▸ WORK TO BE COMPLETED
A faithful copy of all the records is needed, with the pictures omitted.

▸ AVAILABLE DATA
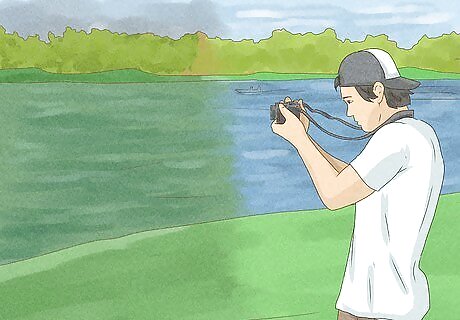 Drive or walk around an unfamiliar area and look for spots. The simplest way to search for photography spots is to get out in an area and explore it by walking or driving around. Head to areas you aren’t familiar with and just wander until something or a location catches your eye. Shoot a few photographs for reference later and write down or save the location so you’re able to find it again. If you’re walking around, try asking people you meet if they know of any great places to take photos. Be careful when you’re walking around unfamiliar areas, and let somebody know where you’re heading just to be safe.
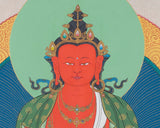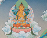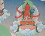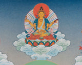 Introducing our extraordinary Manjushree Thangka Print featuring the embodiment of Manjushree in five distinct forms. This exquisite artwork captures the essence of wisdom and enlightenment, inviting you to embark on a transformative spiritual journey. Each portrayal of Manjushree showcases a unique aspect of his enlightened nature, symbolizing different facets of wisdom, compassion, and power. The intricate patterns and vibrant colors beautifully converge, creating a harmonious composition that emanates divine energy. Experience the power of Manjushree's multiple forms and the artistic excellence of our Giclee-printed cotton canvas. Embrace the divine wisdom that flows through these extraordinary artworks and allow their presence to illuminate your path toward awakening.
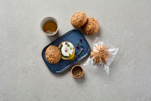 A single-packed, gluten-free roll consisting of cornflour, rice flour, soy protein, psyllium husks and sunflower, pumpkin, sesame and flax seeds. The rolls are of a very high quality, and match classic breakfast rolls in terms of eating experience. One carton contains 36 bags with 1 piece in each bag.
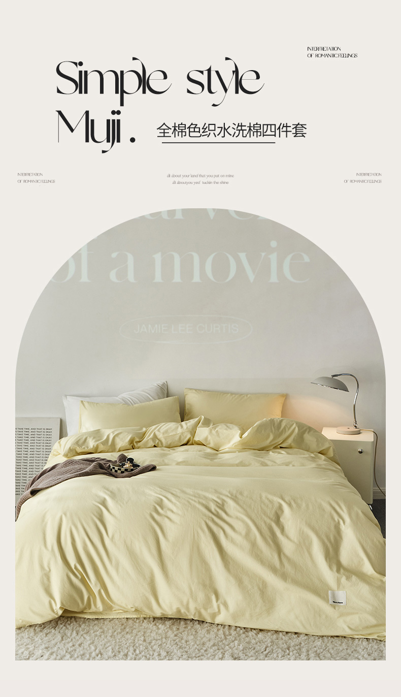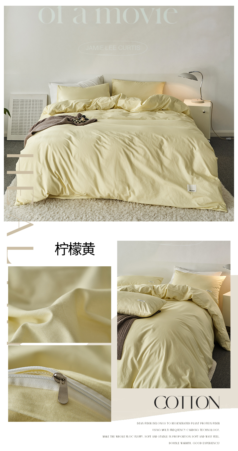 当前位置: 91家纺网 > 商品网购 > 床品套件 > 四件套 > 全棉普通四件套 > 蓝邻家纺 2025新款A类全棉纯棉水洗棉纯色贴标系列四件套-风格一 柠檬黄
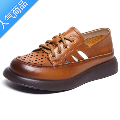SUNTEK2023夏季新款厚底鞋子女凉鞋洞洞妈妈鞋软底宽脚大头复古皮鞋
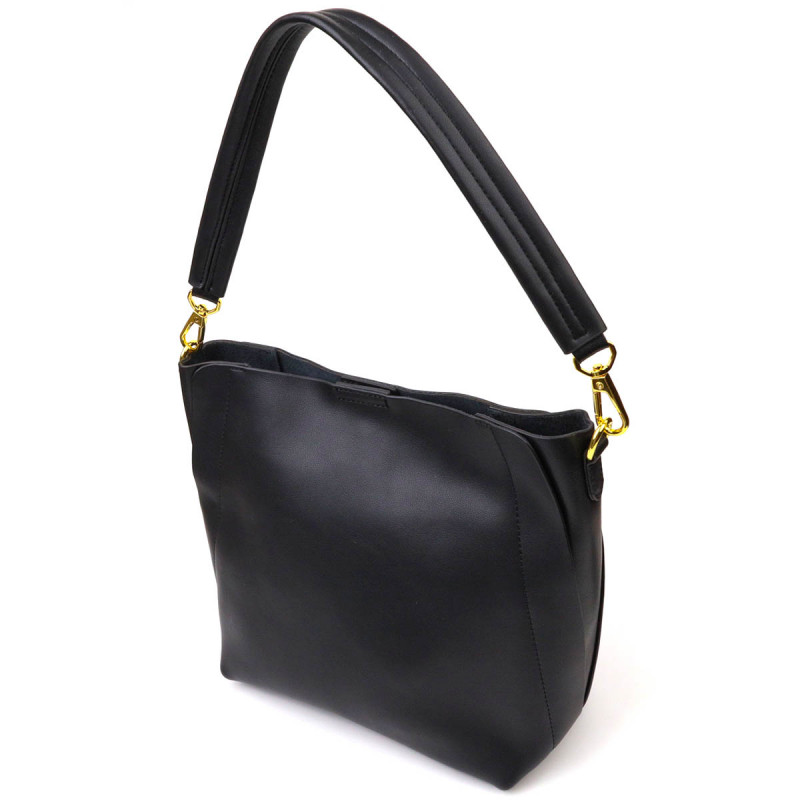Деловая женская сумка из натуральной кожи Vintage Черная
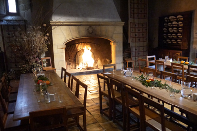 La marche se poursuit, silencieuse, jusquaux portes de Romainmôtier dont nous découvrons labbatiale toute dorée sous le soleil dautomne, et, tout près de là, la Maison du Prieur, où nous attend... Jésus en personne ! En effet, M. Jesus Queijas, maître de céans, nous présente lhistoire haute en couleur de cet édifice médiéval dont la valeur, autrefois méconnue, a été révélée par sa courageuse propriétaire Katharina von Arx (journaliste, écrivaine, décédée en 2013) dès les années 1960 et à qui de judicieuses restaurations ont rendu sa splendeur première. Son actuelle gestion est le fait de lAssociation Clef de Voûte, dont Mme Queijas est présidente. Jesus nous fait les honneurs de « sa » maison par un commentaire engagé et sensible et ... surprise ! Un grand feu nous attend dans la salle des Chevaliers du rez-de-chaussée, ainsi quun buffet pèlerin de grande classe, cest-à-dire simple, du terroir, et délicieux: soupe à la courge, pain paysan maison, choix de fromages locaux, et choix de tartes fraîchement sorties du four du tea-room installé au rez-de-chaussée. |

▸ WRITTEN ANSWER
 Drive or walk around an unfamiliar area and look for spots. The simplest way to search for photography spots is to get out in an area and explore it by walking or driving around. Head to areas you aren’t familiar with and just wander until something or a location catches your eye. Shoot a few photographs for reference later and write down or save the location so you’re able to find it again. If you’re walking around, try asking people you meet if they know of any great places to take photos. Be careful when you’re walking around unfamiliar areas, and let somebody know where you’re heading just to be safe.
 Introducing our extraordinary Manjushree Thangka Print featuring the embodiment of Manjushree in five distinct forms. This exquisite artwork captures the essence of wisdom and enlightenment, inviting you to embark on a transformative spiritual journey. Each portrayal of Manjushree showcases a unique aspect of his enlightened nature, symbolizing different facets of wisdom, compassion, and power. The intricate patterns and vibrant colors beautifully converge, creating a harmonious composition that emanates divine energy. Experience the power of Manjushree's multiple forms and the artistic excellence of our Giclee-printed cotton canvas. Embrace the divine wisdom that flows through these extraordinary artworks and allow their presence to illuminate your path toward awakening.
 A single-packed, gluten-free roll consisting of cornflour, rice flour, soy protein, psyllium husks and sunflower, pumpkin, sesame and flax seeds. The rolls are of a very high quality, and match classic breakfast rolls in terms of eating experience. One carton contains 36 bags with 1 piece in each bag.
 当前位置: 91家纺网 > 商品网购 > 床品套件 > 四件套 > 全棉普通四件套 > 蓝邻家纺 2025新款A类全棉纯棉水洗棉纯色贴标系列四件套-风格一 柠檬黄
SUNTEK2023夏季新款厚底鞋子女凉鞋洞洞妈妈鞋软底宽脚大头复古皮鞋
Деловая женская сумка из натуральной кожи Vintage Черная
 La marche se poursuit, silencieuse, jusquaux portes de Romainmôtier dont nous découvrons labbatiale toute dorée sous le soleil dautomne, et, tout près de là, la Maison du Prieur, où nous attend... Jésus en personne ! En effet, M. Jesus Queijas, maître de céans, nous présente lhistoire haute en couleur de cet édifice médiéval dont la valeur, autrefois méconnue, a été révélée par sa courageuse propriétaire Katharina von Arx (journaliste, écrivaine, décédée en 2013) dès les années 1960 et à qui de judicieuses restaurations ont rendu sa splendeur première. Son actuelle gestion est le fait de lAssociation Clef de Voûte, dont Mme Queijas est présidente. Jesus nous fait les honneurs de « sa » maison par un commentaire engagé et sensible et ... surprise ! Un grand feu nous attend dans la salle des Chevaliers du rez-de-chaussée, ainsi quun buffet pèlerin de grande classe, cest-à-dire simple, du terroir, et délicieux: soupe à la courge, pain paysan maison, choix de fromages locaux, et choix de tartes fraîchement sorties du four du tea-room installé au rez-de-chaussée. |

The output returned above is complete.